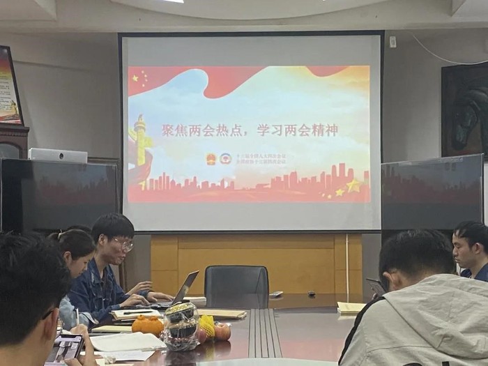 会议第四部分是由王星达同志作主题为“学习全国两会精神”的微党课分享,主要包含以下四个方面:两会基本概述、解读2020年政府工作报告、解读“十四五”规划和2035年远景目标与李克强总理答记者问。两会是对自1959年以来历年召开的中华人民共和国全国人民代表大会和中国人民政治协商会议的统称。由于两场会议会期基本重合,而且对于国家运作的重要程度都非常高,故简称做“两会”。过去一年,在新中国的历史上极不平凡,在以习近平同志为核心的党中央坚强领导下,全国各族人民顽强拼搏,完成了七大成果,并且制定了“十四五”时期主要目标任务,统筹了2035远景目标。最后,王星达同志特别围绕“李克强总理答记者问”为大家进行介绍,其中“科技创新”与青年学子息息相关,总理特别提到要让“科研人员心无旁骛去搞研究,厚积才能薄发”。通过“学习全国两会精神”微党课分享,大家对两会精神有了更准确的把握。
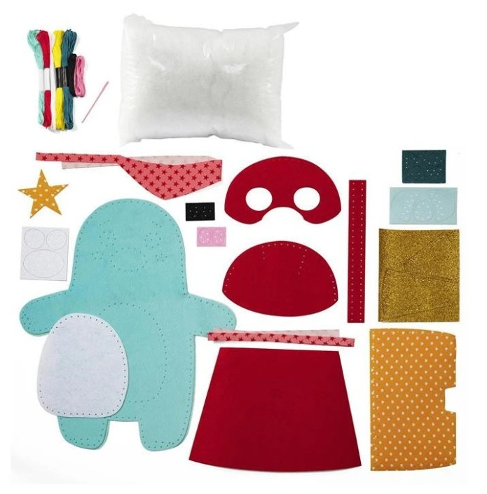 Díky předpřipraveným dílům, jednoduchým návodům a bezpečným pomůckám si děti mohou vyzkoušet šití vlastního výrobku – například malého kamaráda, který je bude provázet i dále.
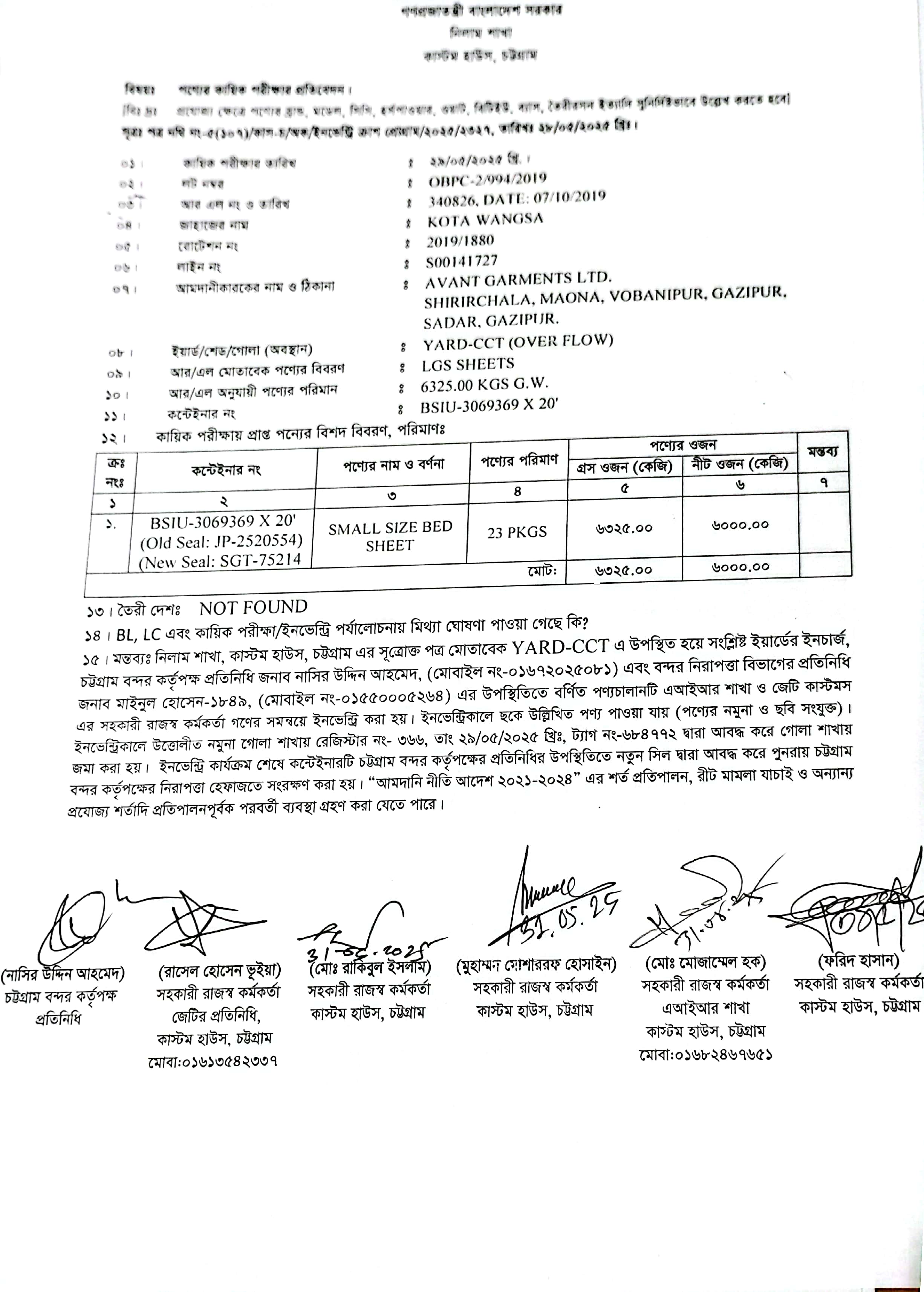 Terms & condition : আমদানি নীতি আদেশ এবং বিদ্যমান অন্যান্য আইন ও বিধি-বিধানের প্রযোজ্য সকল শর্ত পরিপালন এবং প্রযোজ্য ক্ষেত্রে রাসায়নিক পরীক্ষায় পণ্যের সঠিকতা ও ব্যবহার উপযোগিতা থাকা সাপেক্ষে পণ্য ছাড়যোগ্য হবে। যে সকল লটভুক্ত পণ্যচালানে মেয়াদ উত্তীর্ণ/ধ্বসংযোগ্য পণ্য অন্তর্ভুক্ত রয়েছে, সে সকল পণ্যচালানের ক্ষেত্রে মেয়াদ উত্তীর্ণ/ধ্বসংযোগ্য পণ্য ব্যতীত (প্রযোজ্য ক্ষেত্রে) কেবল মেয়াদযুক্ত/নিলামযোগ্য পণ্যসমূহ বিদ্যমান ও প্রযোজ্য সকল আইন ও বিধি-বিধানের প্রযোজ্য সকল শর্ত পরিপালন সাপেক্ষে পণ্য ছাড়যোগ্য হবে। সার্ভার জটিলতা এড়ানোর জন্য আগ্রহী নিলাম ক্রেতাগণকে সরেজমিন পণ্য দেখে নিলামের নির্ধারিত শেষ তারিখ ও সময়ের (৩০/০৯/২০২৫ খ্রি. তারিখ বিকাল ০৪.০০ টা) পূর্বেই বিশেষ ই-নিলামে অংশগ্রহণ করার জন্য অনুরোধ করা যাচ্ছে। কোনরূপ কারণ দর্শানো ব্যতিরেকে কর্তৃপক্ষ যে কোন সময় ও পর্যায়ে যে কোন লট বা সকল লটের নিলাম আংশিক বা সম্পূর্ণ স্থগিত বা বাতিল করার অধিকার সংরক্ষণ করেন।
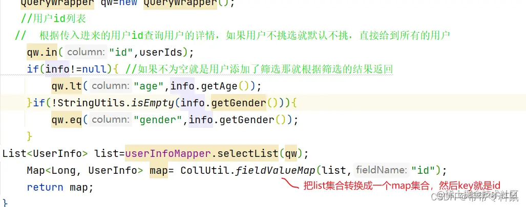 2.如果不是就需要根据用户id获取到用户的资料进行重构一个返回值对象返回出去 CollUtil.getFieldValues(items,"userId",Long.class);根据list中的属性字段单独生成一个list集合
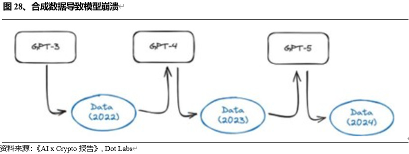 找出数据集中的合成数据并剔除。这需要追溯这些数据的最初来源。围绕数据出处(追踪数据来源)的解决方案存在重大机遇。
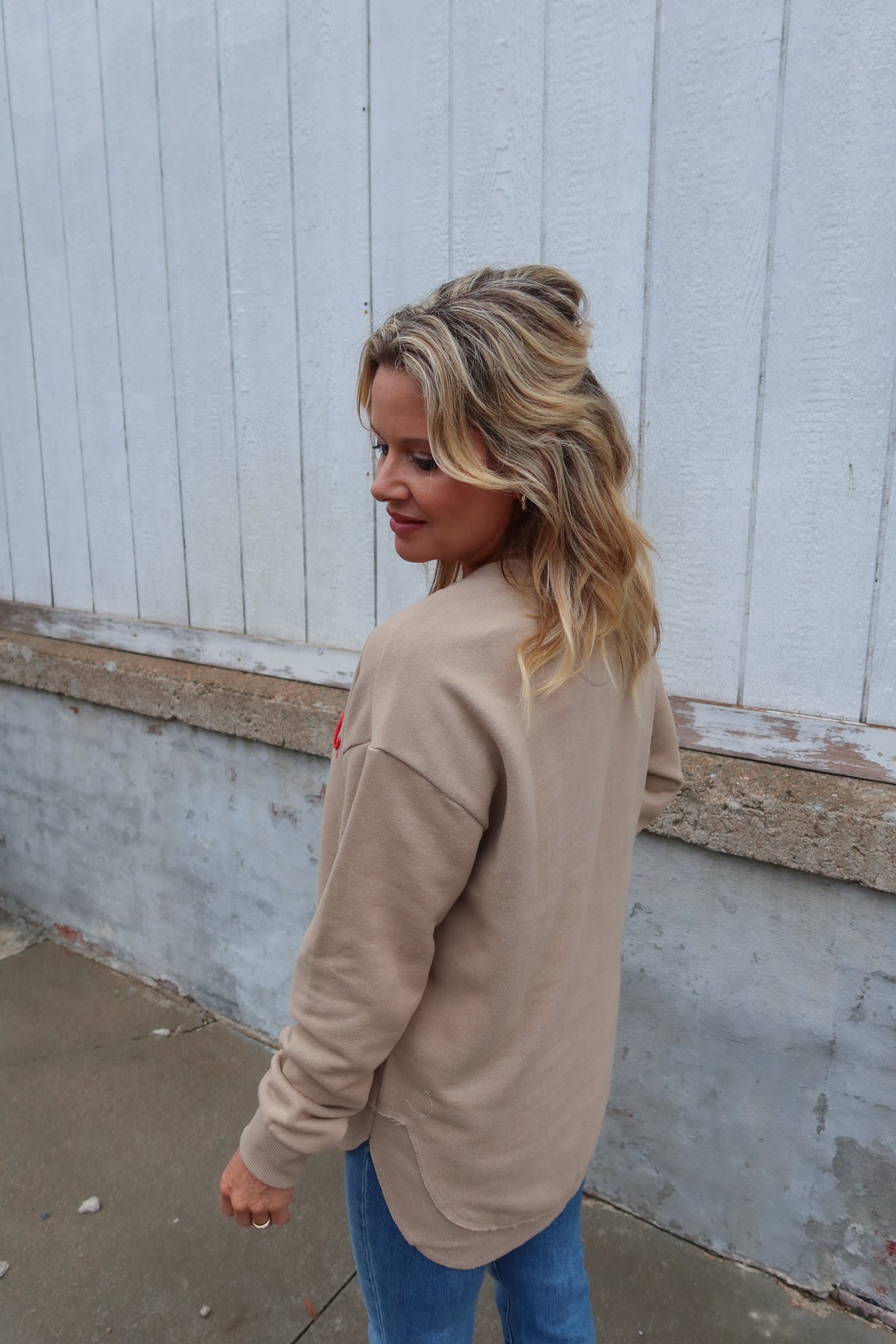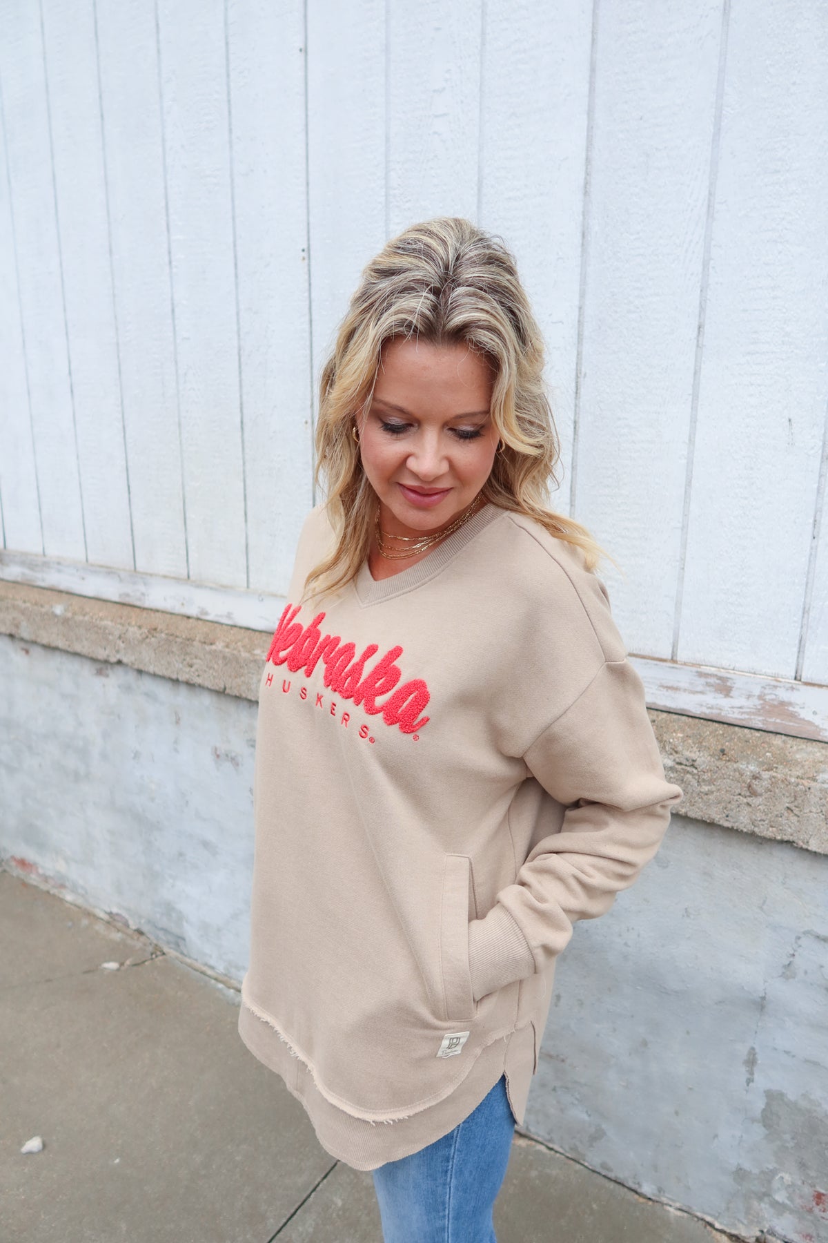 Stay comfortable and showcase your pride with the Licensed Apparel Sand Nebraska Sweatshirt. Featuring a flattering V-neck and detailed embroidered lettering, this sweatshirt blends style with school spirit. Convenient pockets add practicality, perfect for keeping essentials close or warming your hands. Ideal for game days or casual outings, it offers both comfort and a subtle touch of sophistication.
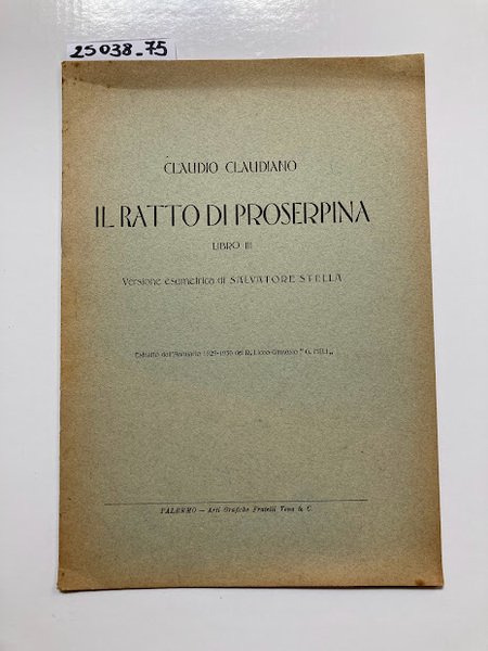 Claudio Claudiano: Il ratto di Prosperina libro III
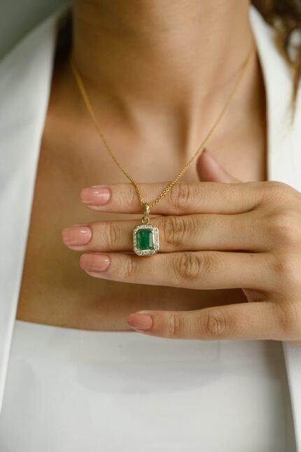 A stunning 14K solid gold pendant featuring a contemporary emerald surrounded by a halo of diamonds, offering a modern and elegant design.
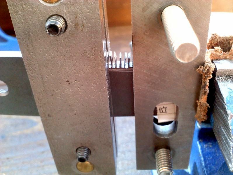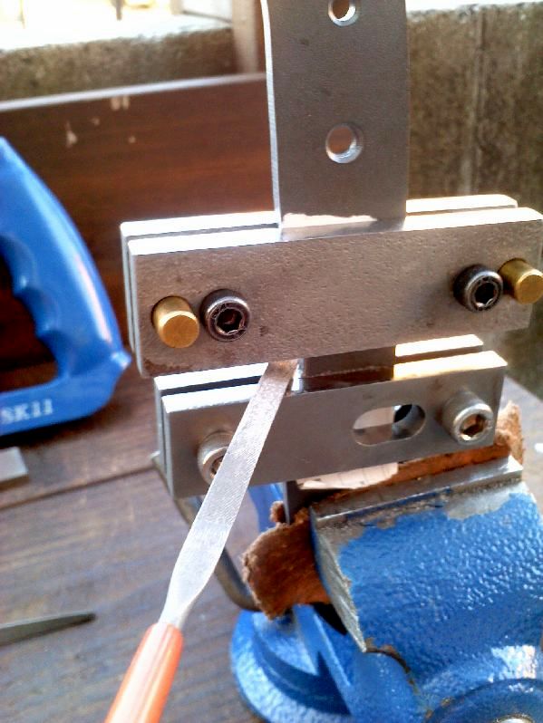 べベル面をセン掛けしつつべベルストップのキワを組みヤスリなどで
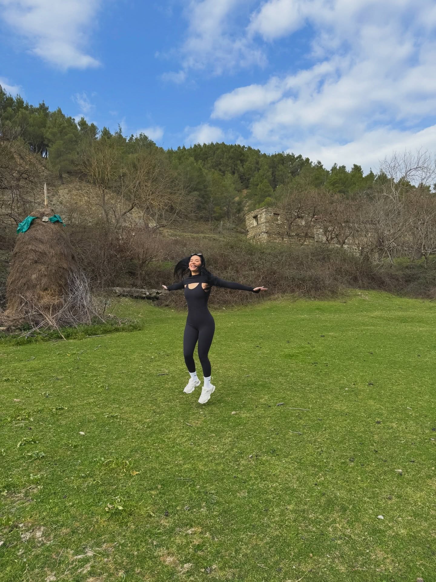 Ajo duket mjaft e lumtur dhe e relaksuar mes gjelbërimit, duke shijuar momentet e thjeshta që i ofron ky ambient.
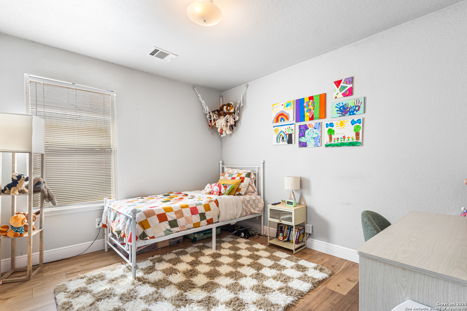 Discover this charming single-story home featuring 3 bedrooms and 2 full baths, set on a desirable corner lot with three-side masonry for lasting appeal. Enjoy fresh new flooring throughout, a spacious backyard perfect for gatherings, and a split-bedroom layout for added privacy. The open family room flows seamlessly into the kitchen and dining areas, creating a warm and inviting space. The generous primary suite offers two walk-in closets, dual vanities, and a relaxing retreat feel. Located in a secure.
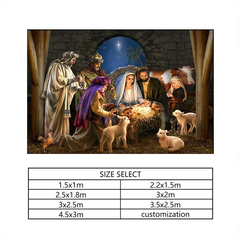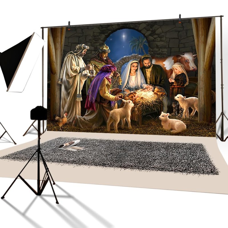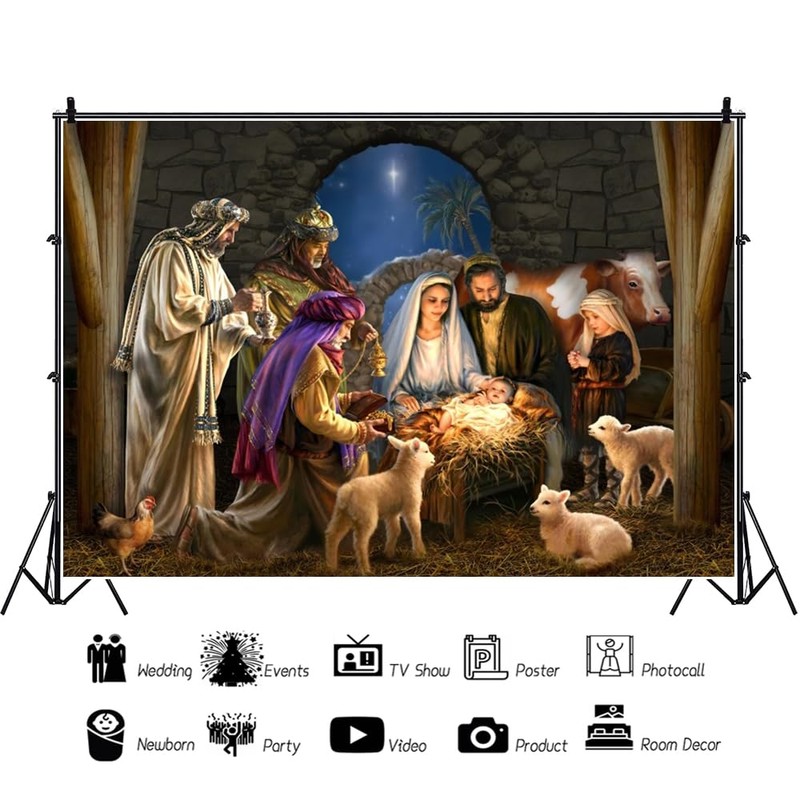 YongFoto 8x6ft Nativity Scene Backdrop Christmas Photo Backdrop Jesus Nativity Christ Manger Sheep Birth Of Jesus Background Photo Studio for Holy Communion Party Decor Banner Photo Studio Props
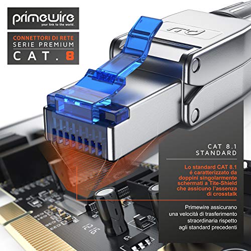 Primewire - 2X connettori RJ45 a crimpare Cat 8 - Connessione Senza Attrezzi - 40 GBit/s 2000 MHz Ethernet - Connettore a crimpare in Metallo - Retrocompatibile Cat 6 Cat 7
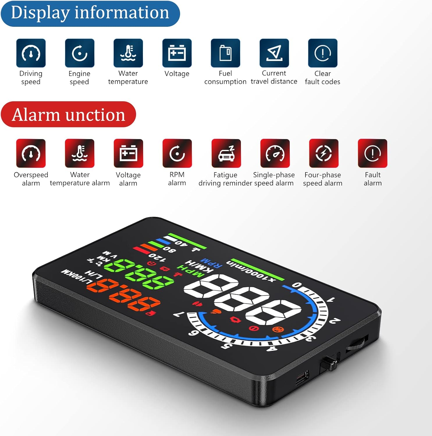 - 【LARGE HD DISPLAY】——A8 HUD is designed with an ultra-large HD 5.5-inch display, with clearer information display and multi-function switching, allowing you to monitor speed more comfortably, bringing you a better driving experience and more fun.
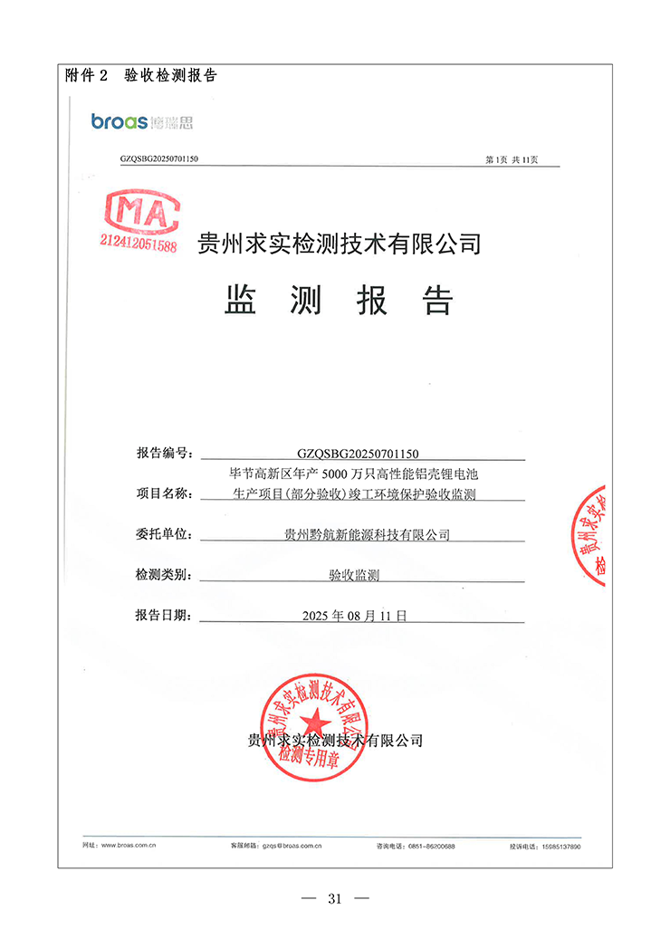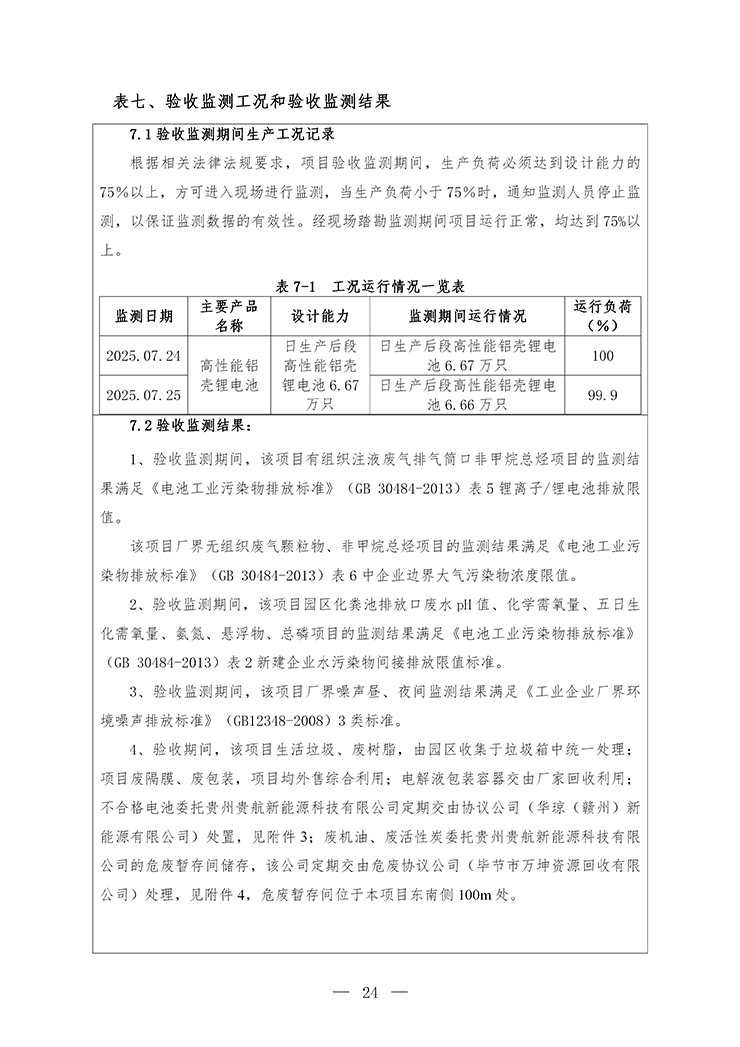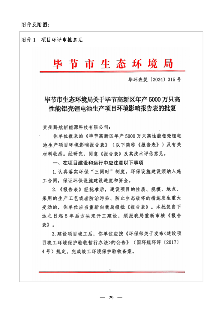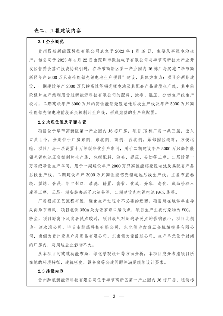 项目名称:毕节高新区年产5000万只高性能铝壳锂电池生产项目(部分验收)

### Task to complete:
Reproduce the records above exactly, but only from the line with "2.如果不是就需要根据用户i" up to and including the line with "找出数据集中的合成数据并剔除". Leave the pictures out.

### Response:
 2.如果不是就需要根据用户id获取到用户的资料进行重构一个返回值对象返回出去 CollUtil.getFieldValues(items,"userId",Long.class);根据list中的属性字段单独生成一个list集合
 找出数据集中的合成数据并剔除。这需要追溯这些数据的最初来源。围绕数据出处(追踪数据来源)的解决方案存在重大机遇。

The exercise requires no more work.